* _PROBLEM_:
Scan the records beneath this line for the line holding "Porcellana policroma. Marca: apocrifa" and the line holding "Auch eine Einbauküche", then transcribe exactly those two and all lines between.

* _DATASET RECORDS_:
((

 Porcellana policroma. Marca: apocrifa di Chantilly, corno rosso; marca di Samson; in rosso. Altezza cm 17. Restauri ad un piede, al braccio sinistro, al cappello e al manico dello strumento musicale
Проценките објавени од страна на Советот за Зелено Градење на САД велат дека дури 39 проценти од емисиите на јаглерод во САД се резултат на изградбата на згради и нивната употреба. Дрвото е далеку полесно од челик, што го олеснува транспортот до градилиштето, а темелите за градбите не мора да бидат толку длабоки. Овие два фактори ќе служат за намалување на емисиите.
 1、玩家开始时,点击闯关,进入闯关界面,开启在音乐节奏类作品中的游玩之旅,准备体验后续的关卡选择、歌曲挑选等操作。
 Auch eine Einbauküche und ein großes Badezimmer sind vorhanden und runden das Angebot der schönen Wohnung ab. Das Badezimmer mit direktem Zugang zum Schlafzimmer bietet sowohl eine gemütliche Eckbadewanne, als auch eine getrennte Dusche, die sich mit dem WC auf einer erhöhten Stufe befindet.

))
((

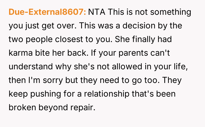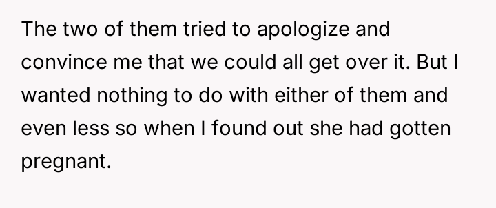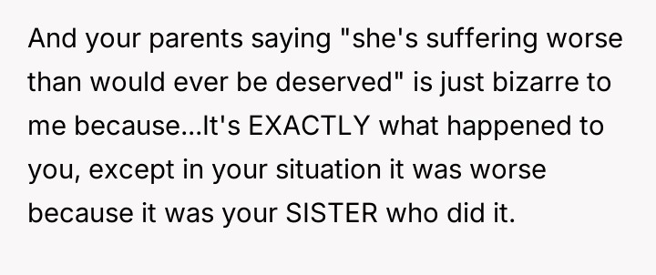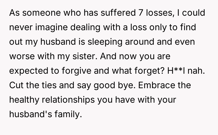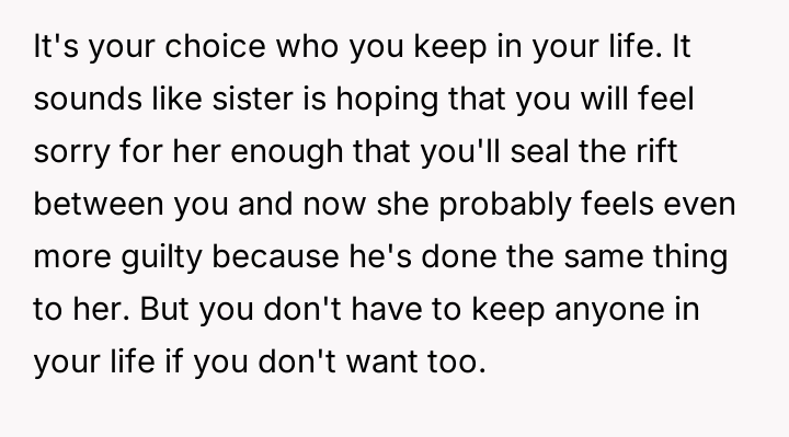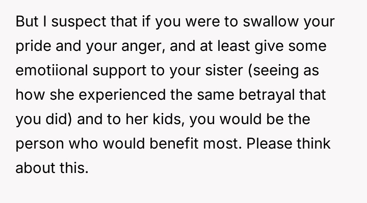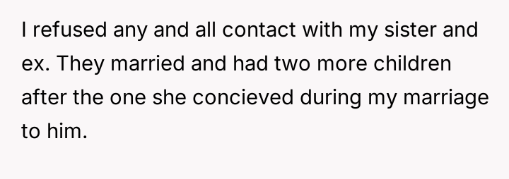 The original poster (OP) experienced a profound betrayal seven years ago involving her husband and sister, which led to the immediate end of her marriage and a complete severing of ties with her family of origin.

))
((

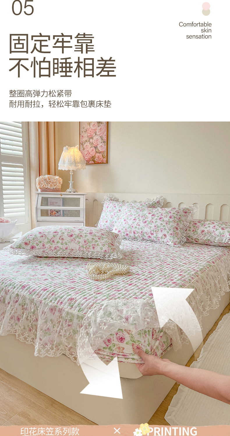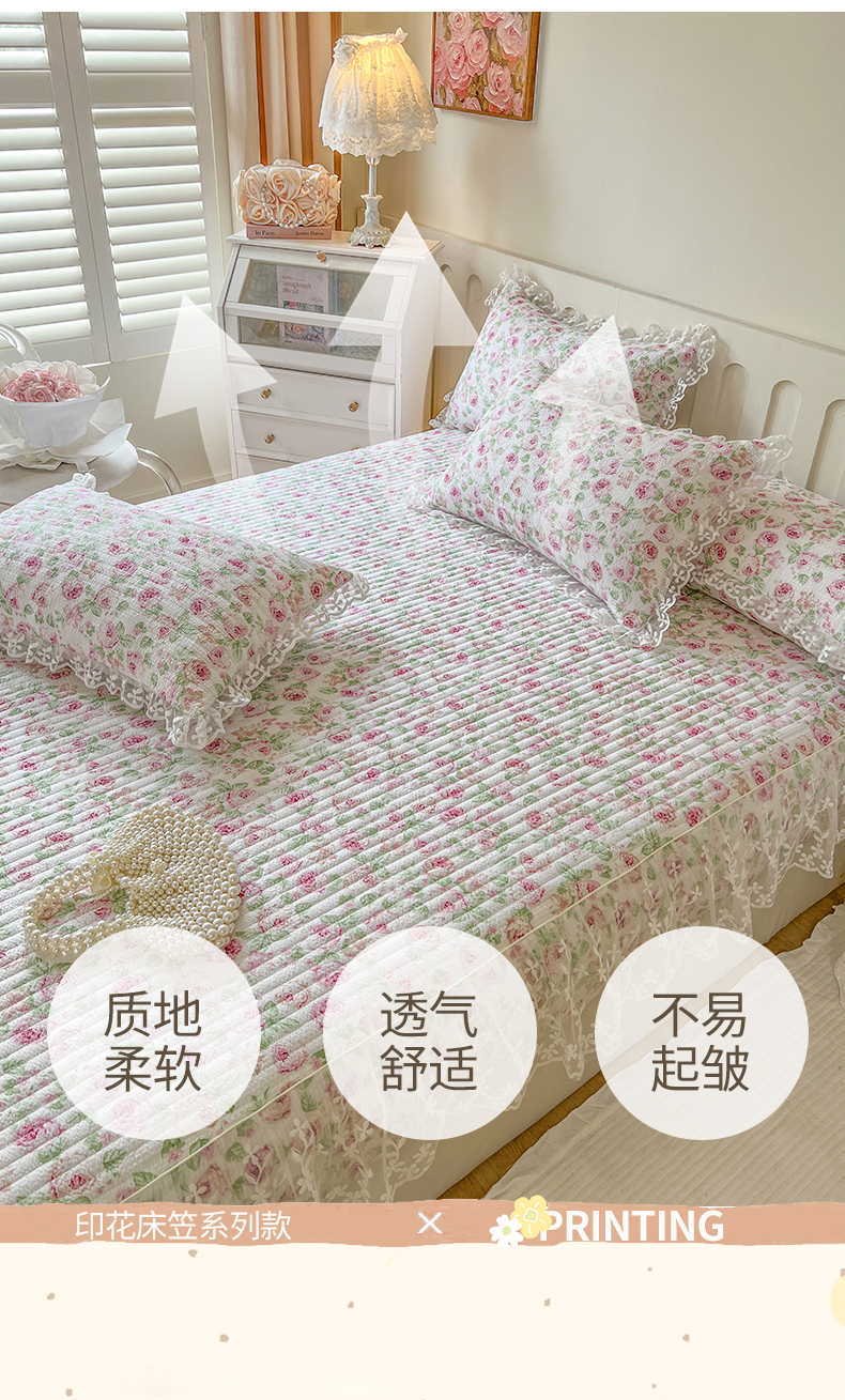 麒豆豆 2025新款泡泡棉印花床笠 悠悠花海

))

* _ANSWER_:
 Porcellana policroma. Marca: apocrifa di Chantilly, corno rosso; marca di Samson; in rosso. Altezza cm 17. Restauri ad un piede, al braccio sinistro, al cappello e al manico dello strumento musicale
Проценките објавени од страна на Советот за Зелено Градење на САД велат дека дури 39 проценти од емисиите на јаглерод во САД се резултат на изградбата на згради и нивната употреба. Дрвото е далеку полесно од челик, што го олеснува транспортот до градилиштето, а темелите за градбите не мора да бидат толку длабоки. Овие два фактори ќе служат за намалување на емисиите.
 1、玩家开始时,点击闯关,进入闯关界面,开启在音乐节奏类作品中的游玩之旅,准备体验后续的关卡选择、歌曲挑选等操作。
 Auch eine Einbauküche und ein großes Badezimmer sind vorhanden und runden das Angebot der schönen Wohnung ab. Das Badezimmer mit direktem Zugang zum Schlafzimmer bietet sowohl eine gemütliche Eckbadewanne, als auch eine getrennte Dusche, die sich mit dem WC auf einer erhöhten Stufe befindet.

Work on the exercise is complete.